The Long Council

Does Iran's regime need to make a peace deal with the US, and if so, on what terms should it pursue one?

Policy brief · 25 April 2026 · Sun Tzu, Deng Xiaoping, Nelson Mandela, Margaret Thatcher, Helmut Schmidt
Verdict

Iran should pursue negotiations with the United States, but the council establishes that any meaningful agreement requires Iran to choose between revolutionary identity and developmental transformation — a choice that fundamentally determines whether negotiation serves accommodation or strategic positioning.

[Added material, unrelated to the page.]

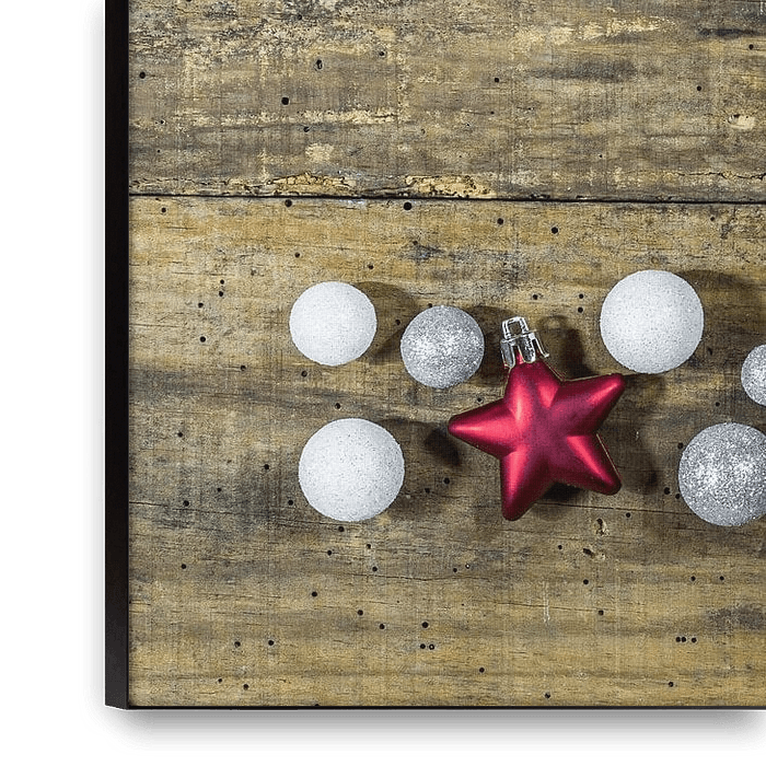 Cadre de décorations de Noël sur fond de bois avec boules et étoiles par Alex Winter

Deng argues that economic development justifies abandoning confrontational positions, while Mandela frames negotiation around securing recognition of Iran's sovereign rights as a regional power. Thatcher warns against negotiating from weakness before establishing credible deterrence, and Schmidt proposes confidence-building through economic interdependence modeled on German-Soviet relations. Sun Tzu views negotiation as positioning for better-managed confrontation rather than genuine accommodation.

The fundamental split centers on whether Iran negotiates to end its confrontation with America or to better sustain it under more favorable terms.

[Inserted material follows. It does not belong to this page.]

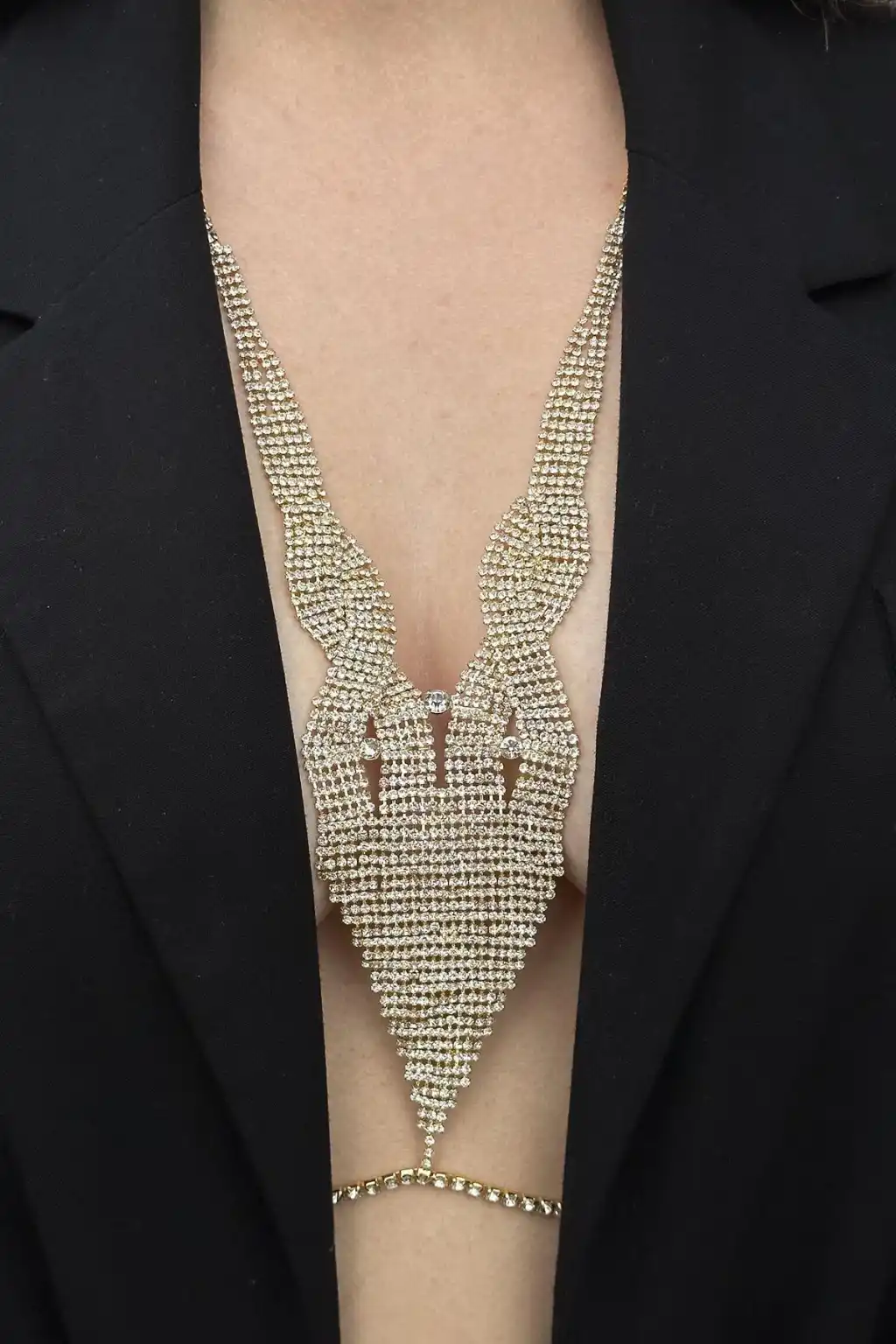 Altın Renk Taş Detaylı Tasarım Vücut Aksesuar

Confidence summary: Strong consensus that Iran should negotiate, but sharp division over whether negotiation serves accommodation or strategic positioning.

1. The core argument

Iran's revolutionary regime faces a choice it has avoided for four decades: whether to preserve its confrontational identity or prioritize economic development through accommodation with America. This is not merely a tactical question about sanctions relief or nuclear constraints. It cuts to the existential purpose of the Islamic Republic itself.

The council reveals that Iran possesses significant negotiating assets — oil reserves, regional influence, demonstrated resilience — but these assets point toward two incompatible strategies. Iran can leverage them to secure genuine integration with global markets, accepting the sovereignty constraints that such integration requires. Or it can deploy them to better manage permanent confrontation, using negotiation to buy time while strengthening its position for long-term rivalry.

Every successful precedent for revolutionary regimes engaging with former adversaries — from Deng's opening to America to Mandela's transition from armed struggle — required abandoning core confrontational positions. Iran cannot simultaneously preserve its revolutionary identity and achieve the economic transformation its population increasingly demands. The regime must choose.

2. How each member frames it

Deng Xiaoping sees Iran's situation through his 1979 decision to normalize relations with America despite thirty years of hostility, emphasizing that ideology without economic results becomes politically worthless.

Margaret Thatcher reframes the question as one of strategic credibility, arguing that Iran's demonstrated willingness to absorb enormous costs for resistance represents its primary asset, which accommodation would surrender.

Nelson Mandela distinguishes between negotiating core sovereignty rights versus tactical positions, suggesting Iran should secure recognition as a legitimate regional power while compromising on specific policies.

Helmut Schmidt approaches this as an energy interdependence problem, proposing confidence-building through structured economic integration that creates stakeholders in accommodation.

Sun Tzu views negotiation as strategic positioning rather than genuine accommodation, recommending that Iran use talks to strengthen its long-term competitive position against America.

3. Where the council agrees

All members accept that Iran's current strategy of comprehensive confrontation is unsustainable and that some form of negotiated engagement serves Iranian interests better than indefinite isolation. They agree that Iran possesses genuine negotiating leverage through its oil resources, regional influence, and proven resilience under sanctions. The council also recognizes that any meaningful agreement requires Iran to make difficult choices about which positions are truly essential versus which represent costly luxuries.

Most significantly, they agree that Iran's domestic constituency management presents the central political challenge. Whether following Deng's pragmatic model, Thatcher's strength-first approach, or Schmidt's confidence-building sequence, success depends on convincing Iranian elites and publics that accommodation serves national interests better than revolutionary purity. The technical aspects of sanctions relief and nuclear verification matter far less than this fundamental political question about the regime's identity and purpose.

4. What would change this verdict

If China offers Iran comprehensive economic partnership that provides an alternative to Western integration, negotiation becomes positioning rather than accommodation. If regional rivals demonstrate that accommodation with America leads to internal regime change, Iran's resistance strategy gains credibility. If American domestic politics makes sustained engagement impossible regardless of Iranian concessions, Iran should optimize for long-term confrontation rather than short-term relief.